My Full, Broken Heart

Four years ago, my soulmate dog died. Jake was 16. The family spent his last day together. Then at 2:30pm, I carried my beloved to the car, drove him up the road to the vet's office, and stroked him as life left his body. My heart was broken.

My oldest daughter, Jess, grew up with Jake. As I took him from her lap to carry him to his death, she sobbed that she never wanted another dog. That she couldn't bear this heartbreak again.

Life goes on. As it does.

This week, Jess and I moved her stuff from her dorm room into her first apartment. Next week, she is off to Europe for her first big trip without me. My first born is flying, literally and figuratively. For the rest of my life, I will be her safety net, her support, her foundation. I hope she always wants me but rarely needs me. My heart is full of love and admiration. And it is broken.

I remember the day that I picked Jake up from the Calgary airport to bring him home. He was four months old and full of the love that he would continue to exude every day for the next 16 years.
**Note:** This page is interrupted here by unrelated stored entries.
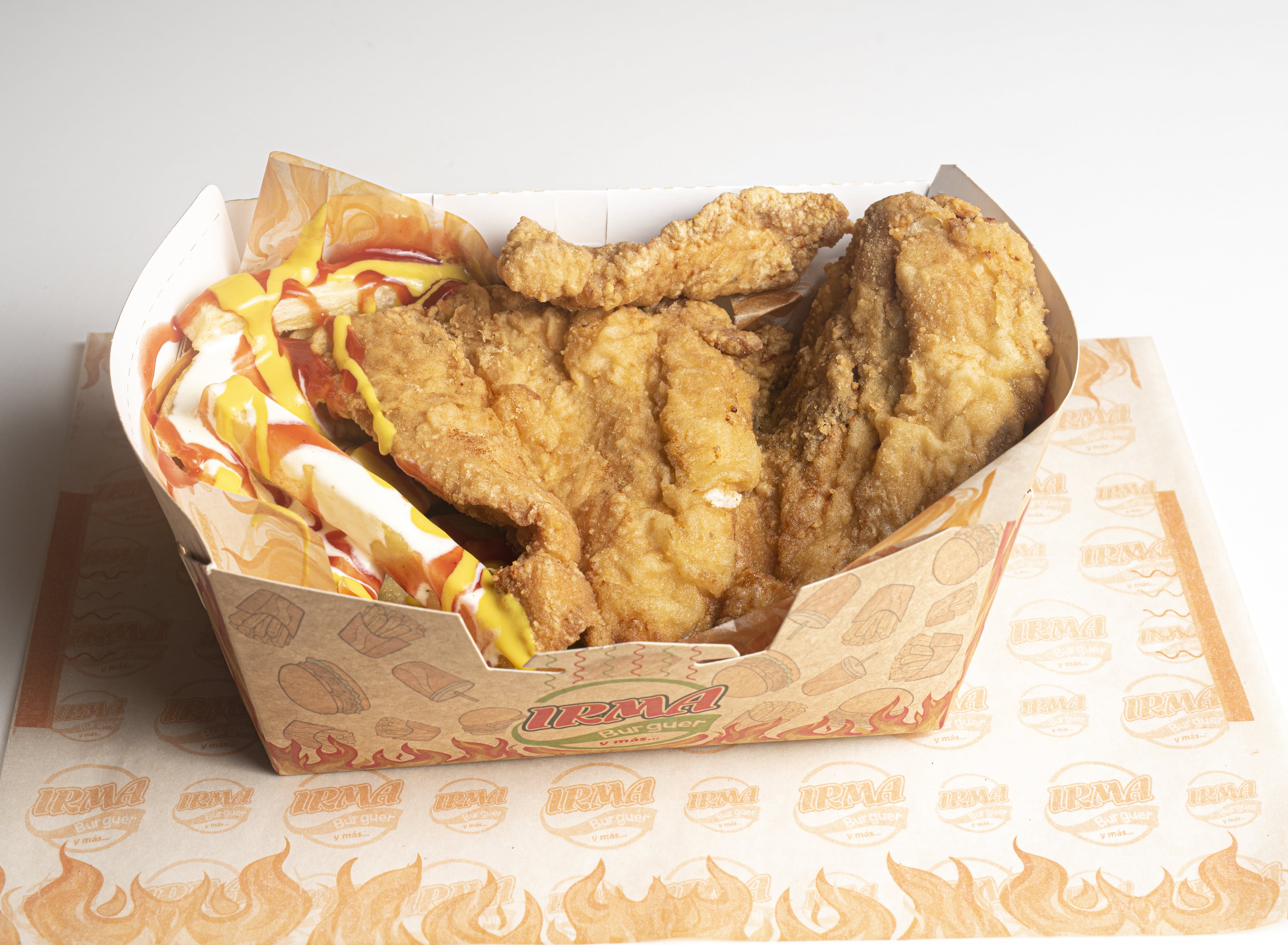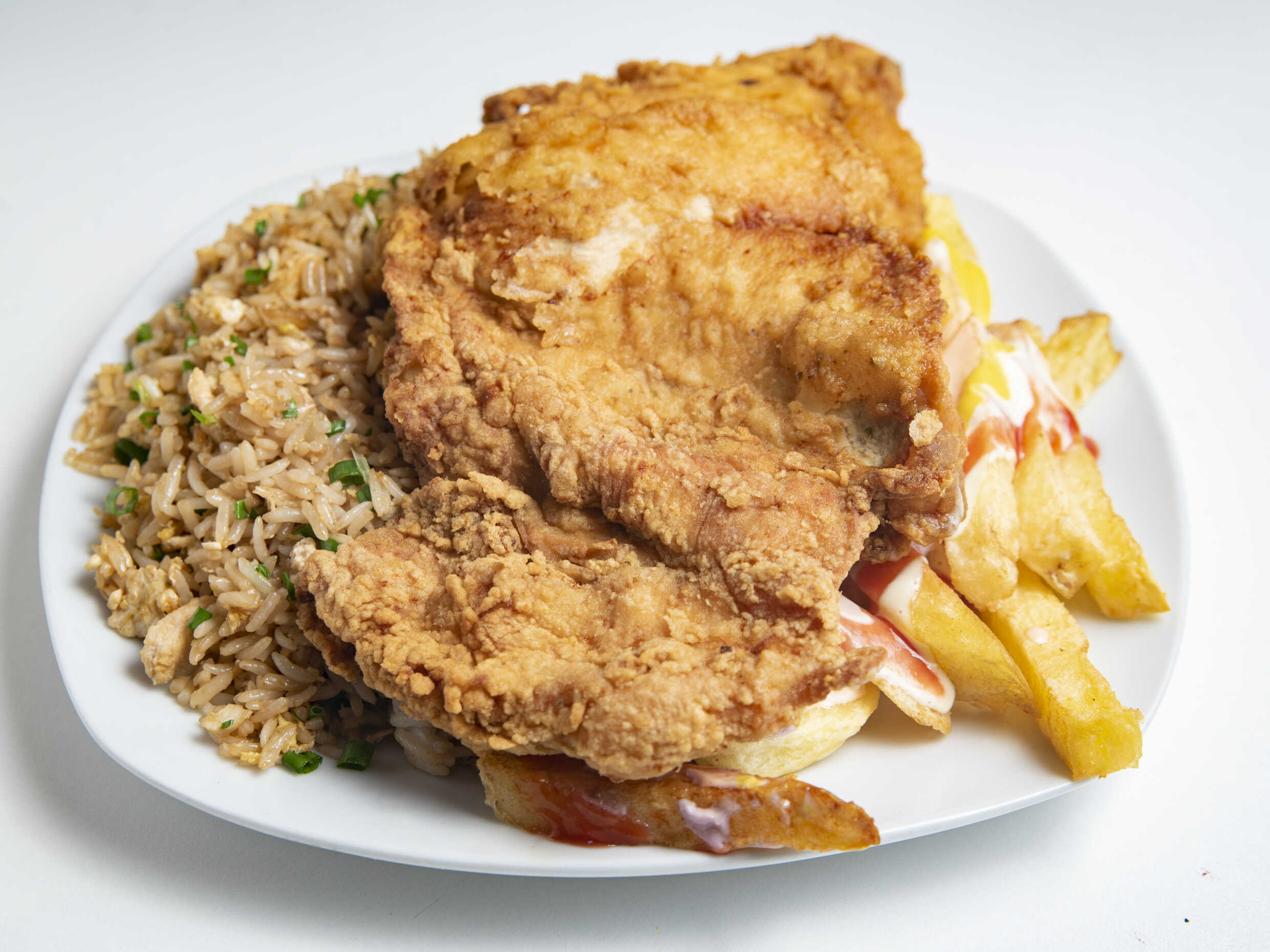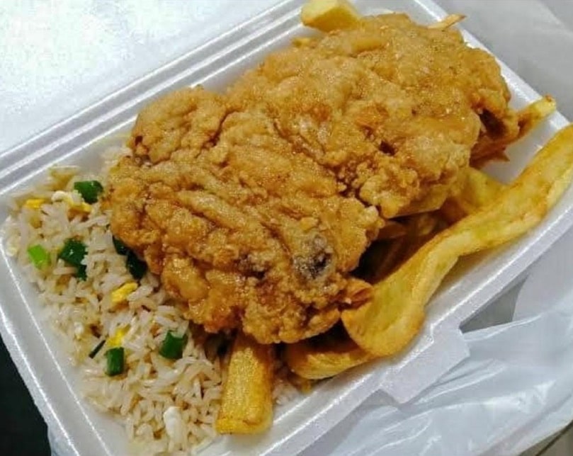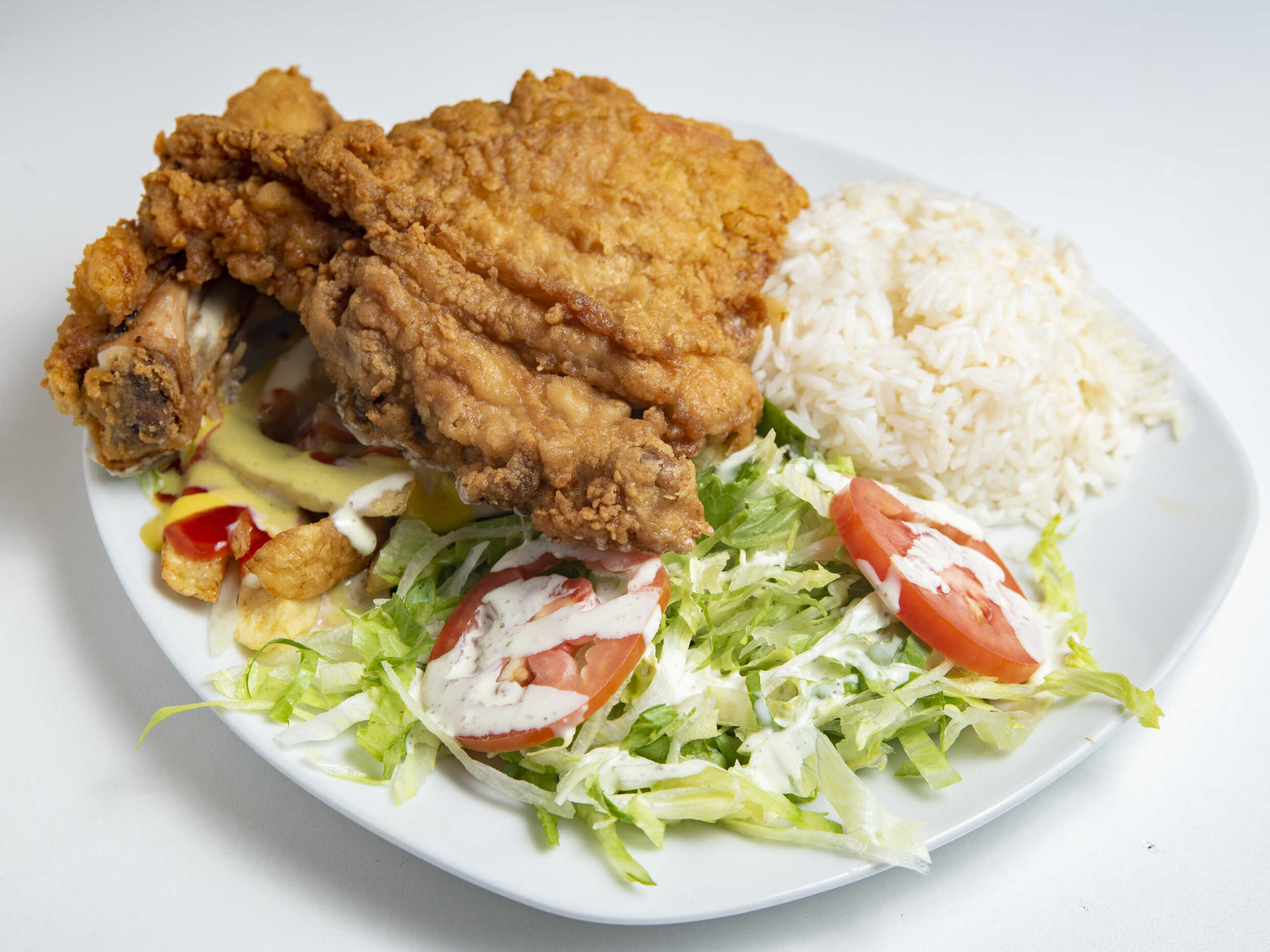 Acompañado de papas fritas, arroz chaufa y ensalada de lechuga.
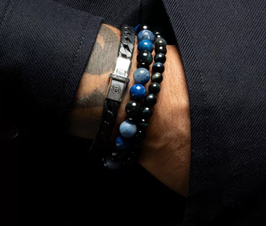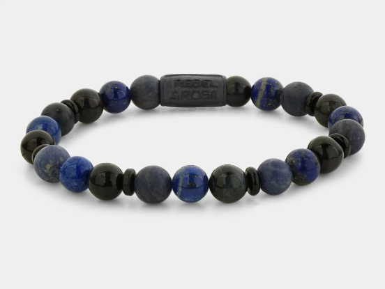 Stalen armband met echte edelstenen en een zwart gekleurd slot. De edelstenen bestaan uit agaat, blauw tijgeroog, lapis lazuli en sodaliet. Een echte eyecatcher dankzij de kleurspeling tussen blauw en zwart.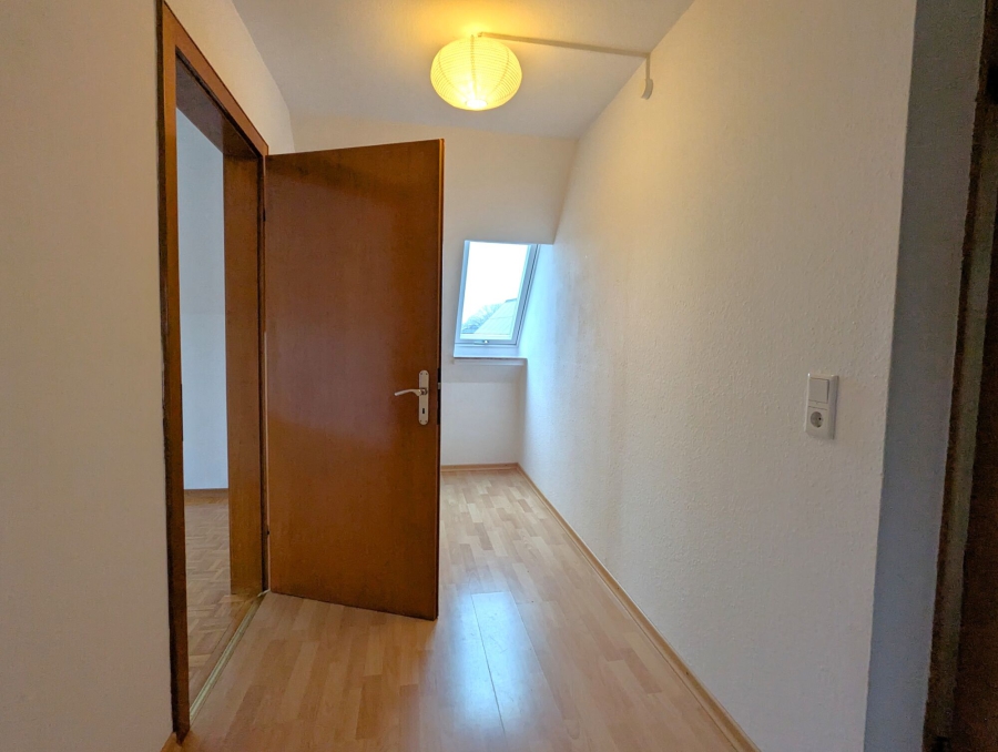 Die Wohnung ist über einen eigenen, separaten Eingangsbereich erreichbar. Ein ordentliches und gepflegtes Treppenhaus führt in das Dachgeschoss. Der zentrale Flur bildet das Herzstück der Wohnung und bietet Zugang zu nahezu allen Räumen.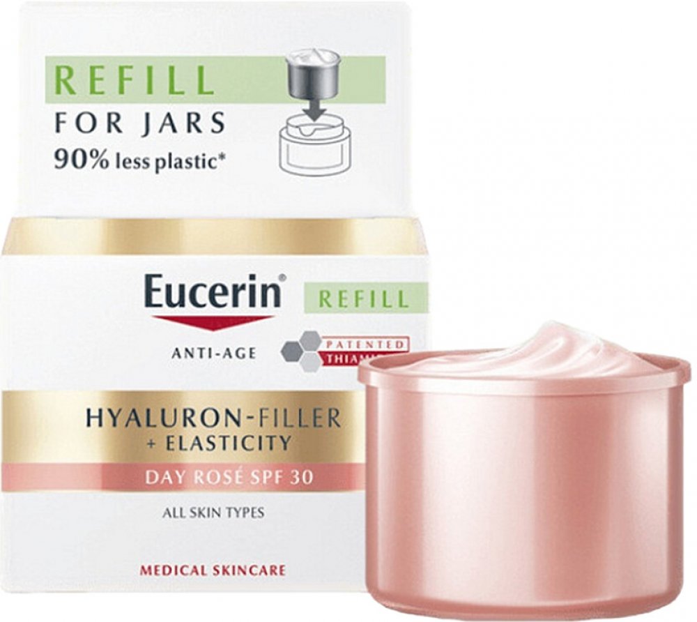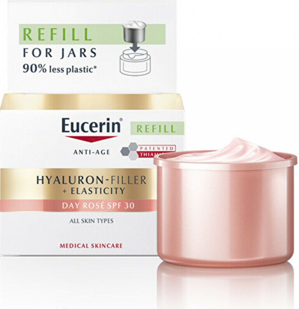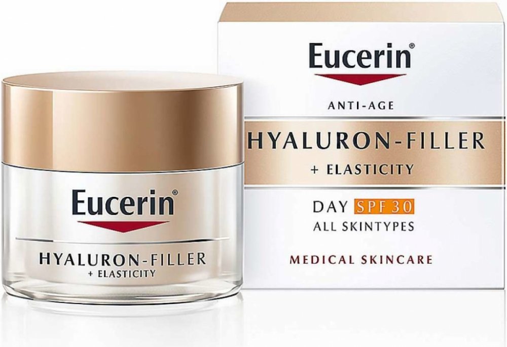 Eucerin Hyaluron-Filler + Elasticity Denní krém SPF 30 je denní krém proti stárnutí pleti, který vyplňuje hluboké vrásky a zlepšuje pružnost pleti.

I remember the day that I found out I was pregnant with Jess, and the day she was born, and her first word, Jake. My heart was full to bursting in those moments. In those moments, the seeds of my heartbreak were sown. 

The price of joy is pain. Because everything comes to an end one way or another. So bring on the fucking pain. Because I want as much joy as I can cram into my life. Bring on new loves. Bring on puppies and baby bunnies.